Additional Information

  1. For common processor LVCMOS IO interface guidelines, refer to Section 7.5.2.2.
    • Most of the processor IOs are not fail-safe. Applying input before supply ramps is not recommended or allowed.
    • Processor LVCMOS IOs have slew rate requirements specified; applying a slow ramp input or connecting a capacitor directly at the input is not recommended.
    • Connecting a capacitor load > 22pF (placeholder) at the output is not recommended. DNI capacitor or perform simulations based on the use case.
    • Processor IO buffers are off during reset. A pull is recommended near to the attached device being driven by the processor IO that can float.
  2. A parallel pull is recommended for any processor IO pad that has a trace connected. When adding pull is not feasible, route the traces away from noisy signals. Processor IO buffers are off during reset. A pullup is recommended near to the attached device to hold the attached device IO inputs that can float in a known state. Use of pulls are attached-device dependent.
  3. IO compatibility and fail-safe operation between the processor IOs and attached devices connected through IOs.
  4. Fail-safe operation when connected to external signals.
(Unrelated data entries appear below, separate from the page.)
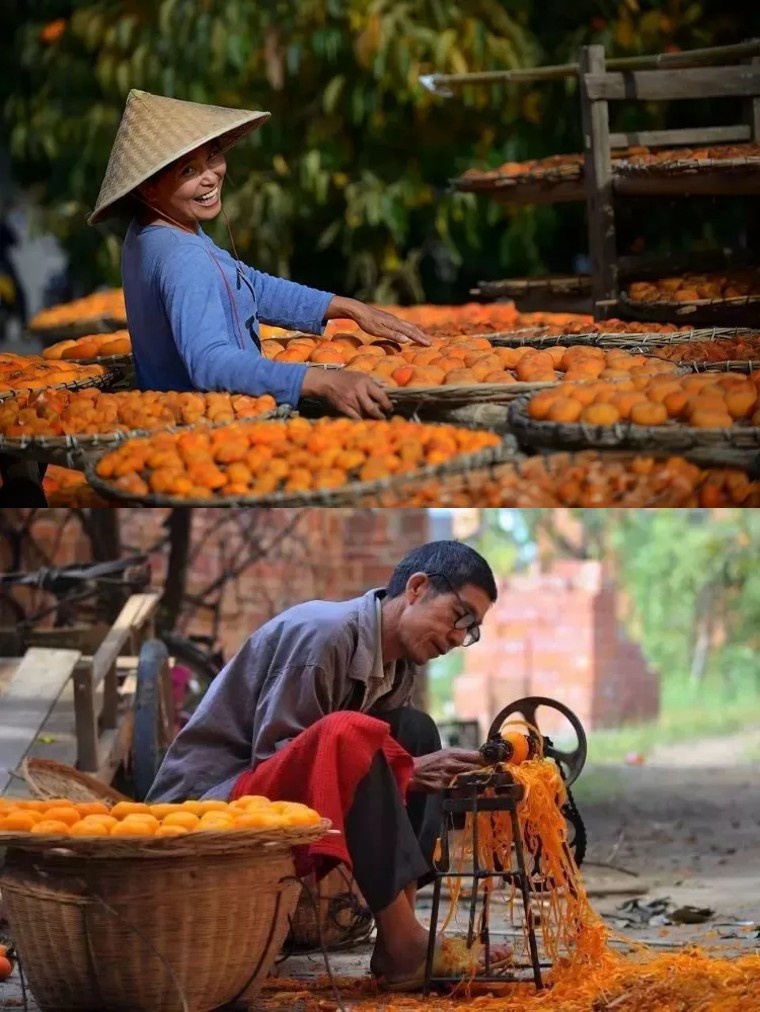 捣鼓着手中的机器,剥出柿子皮晒干成柿子饼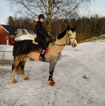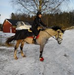 Idag hade jag två hästar att rida så jag och Susanne bestämde i går kväll att vi skulle rida ut tillsammans i det underbara vädret! Jag minns inte alls när vi red ut senast, och Susanne kunde nästan inte komma i håg när hon red senast över huvud taget! Men troligtvis för kanske fem-sex månader sen ungefär, när hon var i sjunde månaden med lille Oliver. Solen sken, hästarna var pigga och underlaget var OK! Det hade ju inte varit dumt med mer snö, men det funkade att trava lite i alla fall på vissa ställen. Båda hästarna hade ordentligt med broddar under fötterna så de klarade sig finfint där det var halt.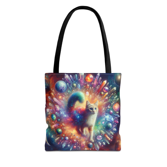 Colorful Cat Tote Bag with Crystals and Inspirational Quote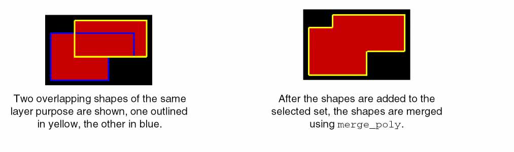 Merges polygon shapes in the given set or the selected set at the top level. Only rectangles, octagons and polygons can be merged. All other shapes in the set are ignored. Shapes which overlap on the same layer purpose pair, and which belong to the same parent (for example, pin or top-level occurrence) are combined into a single geometry. If the combined geometry is rectangular, the original shapes are replaced with a rectangle shape under the same parent. If not, the original shapes are replaced with a polygon under the same parent. All-angle objects are merged to 45-degree edges when the final polygon is created.
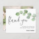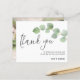 Ett budgetmässigt prist mindre än 4,5 x 5,6 tum alternativ. Finns i ett SEMI-GLOSS 110 lb-kort LAGRAR, vilket är standardalternativet (tjockare för inbjudningar), ELLER SATIN AVSLUTAR 80 lb PAPPER LAGRAR (perfekt för bilagor). Kuvert är ett extra som tillval och är något större än det storleka kortet. En elegant guld gren av grönt eucalyptus löv flödar delvis över från högerna, med en Tack av typografi i ett modernt skript till den lämnat sidan. På baksidan byter du ut ditt favoritfoto från din dag (med liggande orientering). Resten av texten på framsidan kan du enkelt anpassa till ditt eget ord. Ni kanske också är intresserade av vår hängivna gäst namn och adress-dekaler lakan i denna samling för att hjälpa till med era utskick från bröllop.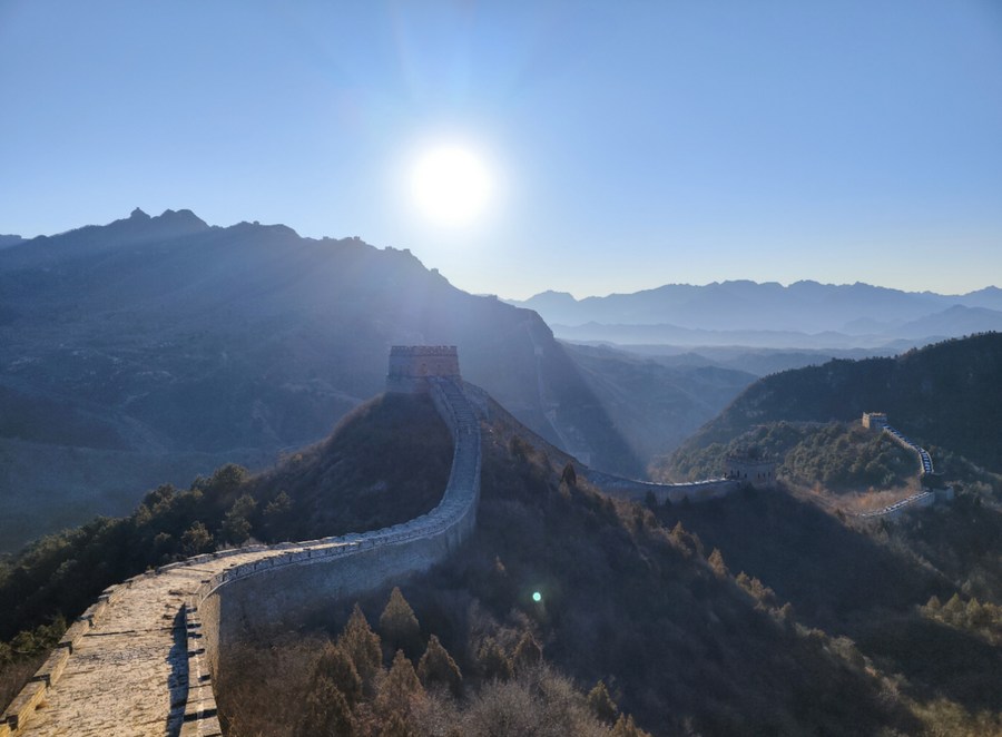 This photo taken on Jan. 1, 2023 shows the sunrise scenery at the Simatai section of the Great Wall in Miyun District, Beijing, capital of China. (Xinhua/Xing Guangli)

Applying an external input before supply ramps cold causes voltage feed and affects the processor performance.
  5. Capacitor loading of the processor output (when capacitor value > 22pF (place holder) is connected; designer is expected to simulate), slew of the input signal (LVCMOS input slew is 1000ns or less).
  6. IO current sink or source follows the data sheet recommendations.
  7. External ESD protection is provided when the IOs connect directly to external interface signals.